■ WHAT YOU WILL DO ■
Give only the number of lines in the records that include "Gold".

Data records:
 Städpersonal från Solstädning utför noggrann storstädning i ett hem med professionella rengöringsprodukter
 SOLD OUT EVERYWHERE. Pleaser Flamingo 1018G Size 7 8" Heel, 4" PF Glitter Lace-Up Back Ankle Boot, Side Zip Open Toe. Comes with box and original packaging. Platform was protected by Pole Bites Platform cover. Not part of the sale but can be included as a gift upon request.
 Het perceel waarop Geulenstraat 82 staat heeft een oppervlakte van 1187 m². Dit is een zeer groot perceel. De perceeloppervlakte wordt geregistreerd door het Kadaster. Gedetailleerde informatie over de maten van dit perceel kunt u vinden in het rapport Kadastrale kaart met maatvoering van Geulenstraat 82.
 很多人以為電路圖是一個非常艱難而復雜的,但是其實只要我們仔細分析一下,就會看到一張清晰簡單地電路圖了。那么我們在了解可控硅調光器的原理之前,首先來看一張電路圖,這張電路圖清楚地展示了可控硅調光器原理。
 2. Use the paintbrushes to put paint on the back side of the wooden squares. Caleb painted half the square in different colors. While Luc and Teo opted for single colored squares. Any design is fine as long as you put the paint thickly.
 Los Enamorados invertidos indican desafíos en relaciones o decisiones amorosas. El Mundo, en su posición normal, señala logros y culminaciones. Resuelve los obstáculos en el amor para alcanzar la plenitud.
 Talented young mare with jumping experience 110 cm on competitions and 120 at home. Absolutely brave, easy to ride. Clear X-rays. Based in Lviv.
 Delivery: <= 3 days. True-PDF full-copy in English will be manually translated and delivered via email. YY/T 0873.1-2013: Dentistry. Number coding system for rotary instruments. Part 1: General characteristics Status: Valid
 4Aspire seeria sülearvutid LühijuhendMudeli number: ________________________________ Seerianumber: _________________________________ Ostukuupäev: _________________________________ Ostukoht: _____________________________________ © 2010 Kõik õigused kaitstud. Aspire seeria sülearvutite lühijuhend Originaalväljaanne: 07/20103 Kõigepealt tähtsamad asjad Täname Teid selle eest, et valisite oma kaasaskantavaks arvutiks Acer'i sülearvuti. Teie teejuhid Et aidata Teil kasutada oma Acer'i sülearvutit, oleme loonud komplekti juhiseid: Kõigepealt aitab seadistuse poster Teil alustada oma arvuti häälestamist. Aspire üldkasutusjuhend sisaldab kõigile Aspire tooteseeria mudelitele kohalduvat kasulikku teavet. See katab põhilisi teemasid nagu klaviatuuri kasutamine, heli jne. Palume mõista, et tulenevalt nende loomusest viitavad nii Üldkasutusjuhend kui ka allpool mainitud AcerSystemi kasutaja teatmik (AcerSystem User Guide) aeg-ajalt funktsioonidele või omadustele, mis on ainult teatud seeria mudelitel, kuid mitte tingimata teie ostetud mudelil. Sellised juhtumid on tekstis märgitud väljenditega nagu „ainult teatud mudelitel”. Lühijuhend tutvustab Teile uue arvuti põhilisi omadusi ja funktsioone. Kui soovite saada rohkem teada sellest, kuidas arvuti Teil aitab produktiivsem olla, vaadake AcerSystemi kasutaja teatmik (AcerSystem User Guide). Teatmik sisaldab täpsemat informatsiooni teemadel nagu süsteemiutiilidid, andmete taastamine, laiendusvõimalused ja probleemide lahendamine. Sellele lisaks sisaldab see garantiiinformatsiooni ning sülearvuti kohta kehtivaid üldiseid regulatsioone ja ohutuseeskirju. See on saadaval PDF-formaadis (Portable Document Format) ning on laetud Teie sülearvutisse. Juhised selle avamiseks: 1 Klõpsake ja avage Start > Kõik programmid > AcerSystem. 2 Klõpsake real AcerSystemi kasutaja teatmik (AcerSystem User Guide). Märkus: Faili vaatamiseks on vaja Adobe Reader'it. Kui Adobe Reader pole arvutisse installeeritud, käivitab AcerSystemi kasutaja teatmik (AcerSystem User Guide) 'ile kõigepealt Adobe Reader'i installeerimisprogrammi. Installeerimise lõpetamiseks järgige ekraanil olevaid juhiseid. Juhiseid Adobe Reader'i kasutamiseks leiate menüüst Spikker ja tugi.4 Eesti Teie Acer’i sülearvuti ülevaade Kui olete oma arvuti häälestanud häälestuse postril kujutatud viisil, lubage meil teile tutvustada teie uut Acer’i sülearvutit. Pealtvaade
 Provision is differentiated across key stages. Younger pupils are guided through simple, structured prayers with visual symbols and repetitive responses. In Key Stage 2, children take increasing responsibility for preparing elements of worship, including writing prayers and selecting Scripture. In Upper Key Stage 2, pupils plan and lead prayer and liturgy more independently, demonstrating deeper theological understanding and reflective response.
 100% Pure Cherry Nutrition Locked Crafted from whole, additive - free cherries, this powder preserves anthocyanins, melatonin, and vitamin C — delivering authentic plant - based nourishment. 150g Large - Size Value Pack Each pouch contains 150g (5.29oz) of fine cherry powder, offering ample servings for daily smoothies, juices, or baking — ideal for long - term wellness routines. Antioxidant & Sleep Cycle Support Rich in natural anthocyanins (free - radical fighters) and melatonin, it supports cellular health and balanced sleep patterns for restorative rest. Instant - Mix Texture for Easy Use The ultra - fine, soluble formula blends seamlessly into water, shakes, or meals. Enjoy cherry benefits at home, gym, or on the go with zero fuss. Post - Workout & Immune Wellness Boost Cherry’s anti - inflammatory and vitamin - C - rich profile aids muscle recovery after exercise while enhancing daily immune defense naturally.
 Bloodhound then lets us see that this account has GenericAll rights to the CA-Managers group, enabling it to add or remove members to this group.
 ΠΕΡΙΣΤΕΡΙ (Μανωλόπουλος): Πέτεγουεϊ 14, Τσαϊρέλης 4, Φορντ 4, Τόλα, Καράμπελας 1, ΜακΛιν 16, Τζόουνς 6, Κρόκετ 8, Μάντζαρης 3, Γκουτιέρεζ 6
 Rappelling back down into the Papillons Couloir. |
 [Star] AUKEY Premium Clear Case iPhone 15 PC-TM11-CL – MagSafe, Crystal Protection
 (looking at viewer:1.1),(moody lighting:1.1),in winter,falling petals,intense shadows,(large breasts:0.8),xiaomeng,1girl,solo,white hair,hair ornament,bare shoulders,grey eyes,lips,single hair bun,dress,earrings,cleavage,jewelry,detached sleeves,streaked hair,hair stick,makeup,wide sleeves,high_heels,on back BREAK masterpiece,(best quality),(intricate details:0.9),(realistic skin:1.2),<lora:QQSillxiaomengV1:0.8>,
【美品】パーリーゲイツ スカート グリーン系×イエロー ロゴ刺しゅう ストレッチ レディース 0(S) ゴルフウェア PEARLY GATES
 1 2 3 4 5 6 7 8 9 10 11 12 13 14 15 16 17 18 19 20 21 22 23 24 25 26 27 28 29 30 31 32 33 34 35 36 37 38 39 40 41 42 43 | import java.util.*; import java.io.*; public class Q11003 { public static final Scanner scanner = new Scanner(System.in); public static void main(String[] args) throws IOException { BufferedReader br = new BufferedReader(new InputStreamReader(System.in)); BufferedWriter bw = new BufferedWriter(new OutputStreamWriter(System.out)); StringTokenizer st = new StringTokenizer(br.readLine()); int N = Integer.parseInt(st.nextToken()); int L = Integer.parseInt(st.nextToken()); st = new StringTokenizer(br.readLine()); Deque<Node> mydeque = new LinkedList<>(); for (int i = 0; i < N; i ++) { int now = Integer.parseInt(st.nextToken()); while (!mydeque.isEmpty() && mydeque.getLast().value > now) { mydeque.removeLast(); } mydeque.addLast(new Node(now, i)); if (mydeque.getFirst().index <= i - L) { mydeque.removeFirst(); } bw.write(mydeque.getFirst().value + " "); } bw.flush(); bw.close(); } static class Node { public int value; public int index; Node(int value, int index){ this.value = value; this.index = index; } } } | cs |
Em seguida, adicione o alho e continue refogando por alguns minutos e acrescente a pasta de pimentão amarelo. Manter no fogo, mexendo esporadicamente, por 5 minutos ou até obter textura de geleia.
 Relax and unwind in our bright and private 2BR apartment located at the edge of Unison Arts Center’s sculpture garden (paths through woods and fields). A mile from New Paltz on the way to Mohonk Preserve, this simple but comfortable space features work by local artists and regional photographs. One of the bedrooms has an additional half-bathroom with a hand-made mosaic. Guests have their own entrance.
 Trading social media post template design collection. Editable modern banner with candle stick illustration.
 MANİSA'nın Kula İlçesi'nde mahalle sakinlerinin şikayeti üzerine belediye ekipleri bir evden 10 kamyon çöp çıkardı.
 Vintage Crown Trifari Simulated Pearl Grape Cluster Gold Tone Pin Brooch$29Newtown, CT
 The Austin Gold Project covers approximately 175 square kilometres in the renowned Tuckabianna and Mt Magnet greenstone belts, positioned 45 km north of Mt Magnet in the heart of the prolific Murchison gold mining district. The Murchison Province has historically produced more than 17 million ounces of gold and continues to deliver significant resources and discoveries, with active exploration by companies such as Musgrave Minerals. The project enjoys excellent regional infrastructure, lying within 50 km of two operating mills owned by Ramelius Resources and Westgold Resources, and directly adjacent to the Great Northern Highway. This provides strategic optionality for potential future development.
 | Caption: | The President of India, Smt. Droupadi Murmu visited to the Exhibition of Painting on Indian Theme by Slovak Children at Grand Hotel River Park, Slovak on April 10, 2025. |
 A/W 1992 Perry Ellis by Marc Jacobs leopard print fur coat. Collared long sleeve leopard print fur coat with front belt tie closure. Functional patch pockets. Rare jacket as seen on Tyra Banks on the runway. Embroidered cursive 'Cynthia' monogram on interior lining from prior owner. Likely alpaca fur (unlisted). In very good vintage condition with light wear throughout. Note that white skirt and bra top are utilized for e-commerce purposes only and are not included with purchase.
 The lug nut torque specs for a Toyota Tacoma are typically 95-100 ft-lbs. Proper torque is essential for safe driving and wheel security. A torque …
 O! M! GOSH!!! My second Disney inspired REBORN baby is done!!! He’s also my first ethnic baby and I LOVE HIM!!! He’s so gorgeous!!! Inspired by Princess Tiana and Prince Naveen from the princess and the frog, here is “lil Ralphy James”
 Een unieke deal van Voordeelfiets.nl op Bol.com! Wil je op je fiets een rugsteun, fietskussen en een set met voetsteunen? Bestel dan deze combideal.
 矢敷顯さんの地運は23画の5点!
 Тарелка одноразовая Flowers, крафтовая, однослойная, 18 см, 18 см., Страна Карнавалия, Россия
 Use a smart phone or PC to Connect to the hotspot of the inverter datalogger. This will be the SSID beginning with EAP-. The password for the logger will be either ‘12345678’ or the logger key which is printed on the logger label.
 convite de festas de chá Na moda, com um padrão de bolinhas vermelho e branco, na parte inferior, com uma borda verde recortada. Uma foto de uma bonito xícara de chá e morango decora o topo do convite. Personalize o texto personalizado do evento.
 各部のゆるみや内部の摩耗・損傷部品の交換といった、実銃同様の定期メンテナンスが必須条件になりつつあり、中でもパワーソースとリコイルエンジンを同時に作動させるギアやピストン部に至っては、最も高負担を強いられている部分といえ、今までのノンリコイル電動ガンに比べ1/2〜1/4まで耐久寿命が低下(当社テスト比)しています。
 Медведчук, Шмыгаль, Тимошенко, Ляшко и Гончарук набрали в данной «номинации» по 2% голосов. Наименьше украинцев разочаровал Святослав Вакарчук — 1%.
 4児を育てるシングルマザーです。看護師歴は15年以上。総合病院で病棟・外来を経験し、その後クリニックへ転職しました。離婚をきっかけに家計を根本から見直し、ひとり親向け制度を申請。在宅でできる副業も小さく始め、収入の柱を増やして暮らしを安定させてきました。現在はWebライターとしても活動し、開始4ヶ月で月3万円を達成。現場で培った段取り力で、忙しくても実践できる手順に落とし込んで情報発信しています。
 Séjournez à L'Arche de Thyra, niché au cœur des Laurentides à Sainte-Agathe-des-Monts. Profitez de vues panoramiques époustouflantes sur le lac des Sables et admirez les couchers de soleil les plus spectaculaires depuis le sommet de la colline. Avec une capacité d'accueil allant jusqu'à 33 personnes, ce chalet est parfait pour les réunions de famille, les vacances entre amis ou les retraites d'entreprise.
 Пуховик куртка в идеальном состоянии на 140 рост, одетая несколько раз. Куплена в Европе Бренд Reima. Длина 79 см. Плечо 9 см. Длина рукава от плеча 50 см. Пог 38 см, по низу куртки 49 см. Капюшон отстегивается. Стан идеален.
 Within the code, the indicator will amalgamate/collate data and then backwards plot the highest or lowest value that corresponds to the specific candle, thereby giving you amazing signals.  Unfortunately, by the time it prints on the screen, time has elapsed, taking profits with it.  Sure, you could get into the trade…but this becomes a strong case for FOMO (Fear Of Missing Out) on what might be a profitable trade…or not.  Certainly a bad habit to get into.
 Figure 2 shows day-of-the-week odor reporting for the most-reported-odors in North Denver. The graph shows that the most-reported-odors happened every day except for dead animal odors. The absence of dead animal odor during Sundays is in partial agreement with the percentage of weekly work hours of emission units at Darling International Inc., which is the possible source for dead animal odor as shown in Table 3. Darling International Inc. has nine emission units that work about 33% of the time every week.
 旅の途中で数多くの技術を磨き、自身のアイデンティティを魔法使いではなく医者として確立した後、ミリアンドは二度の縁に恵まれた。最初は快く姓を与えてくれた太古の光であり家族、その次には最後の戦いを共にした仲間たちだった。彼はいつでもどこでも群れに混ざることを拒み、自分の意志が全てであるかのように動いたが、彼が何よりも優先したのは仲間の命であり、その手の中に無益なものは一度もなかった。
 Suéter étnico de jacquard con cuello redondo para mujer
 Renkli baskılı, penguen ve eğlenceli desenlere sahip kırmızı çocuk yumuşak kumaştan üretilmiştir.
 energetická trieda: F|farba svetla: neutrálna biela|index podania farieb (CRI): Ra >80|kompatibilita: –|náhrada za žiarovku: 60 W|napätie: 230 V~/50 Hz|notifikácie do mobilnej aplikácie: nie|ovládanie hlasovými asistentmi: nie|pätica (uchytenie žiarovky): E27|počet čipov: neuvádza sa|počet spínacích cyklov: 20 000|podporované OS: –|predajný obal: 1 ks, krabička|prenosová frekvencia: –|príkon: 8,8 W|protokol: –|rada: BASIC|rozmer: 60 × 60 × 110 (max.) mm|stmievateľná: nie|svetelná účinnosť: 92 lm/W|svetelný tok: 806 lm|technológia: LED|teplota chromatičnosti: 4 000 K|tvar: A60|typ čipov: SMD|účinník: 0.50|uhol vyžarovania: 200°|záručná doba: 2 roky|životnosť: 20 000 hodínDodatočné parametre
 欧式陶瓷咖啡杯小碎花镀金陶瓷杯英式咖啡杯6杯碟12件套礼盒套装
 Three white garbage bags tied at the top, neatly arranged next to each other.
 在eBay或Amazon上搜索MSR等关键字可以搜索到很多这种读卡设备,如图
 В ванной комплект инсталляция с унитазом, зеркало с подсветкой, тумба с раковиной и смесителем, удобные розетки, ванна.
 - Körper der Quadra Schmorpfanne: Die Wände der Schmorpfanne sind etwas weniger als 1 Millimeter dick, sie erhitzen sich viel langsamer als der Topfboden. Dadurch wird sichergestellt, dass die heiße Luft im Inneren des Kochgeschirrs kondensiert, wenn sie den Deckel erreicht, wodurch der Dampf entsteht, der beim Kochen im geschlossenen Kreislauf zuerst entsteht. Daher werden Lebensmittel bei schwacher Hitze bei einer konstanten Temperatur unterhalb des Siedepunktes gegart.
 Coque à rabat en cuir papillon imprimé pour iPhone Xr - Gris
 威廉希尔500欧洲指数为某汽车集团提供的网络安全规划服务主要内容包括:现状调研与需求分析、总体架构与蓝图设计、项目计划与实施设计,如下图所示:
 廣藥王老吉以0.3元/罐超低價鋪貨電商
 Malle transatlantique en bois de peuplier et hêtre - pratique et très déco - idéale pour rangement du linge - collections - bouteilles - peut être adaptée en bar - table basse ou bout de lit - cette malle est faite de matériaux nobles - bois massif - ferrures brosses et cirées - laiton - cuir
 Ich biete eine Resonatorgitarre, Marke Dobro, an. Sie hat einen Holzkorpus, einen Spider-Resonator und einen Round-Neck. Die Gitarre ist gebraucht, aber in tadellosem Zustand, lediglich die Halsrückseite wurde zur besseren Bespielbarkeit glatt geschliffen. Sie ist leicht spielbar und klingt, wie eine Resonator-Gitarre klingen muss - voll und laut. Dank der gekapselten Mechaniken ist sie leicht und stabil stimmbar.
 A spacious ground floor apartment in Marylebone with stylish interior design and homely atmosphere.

■ EXERCISE OUTPUT ■
2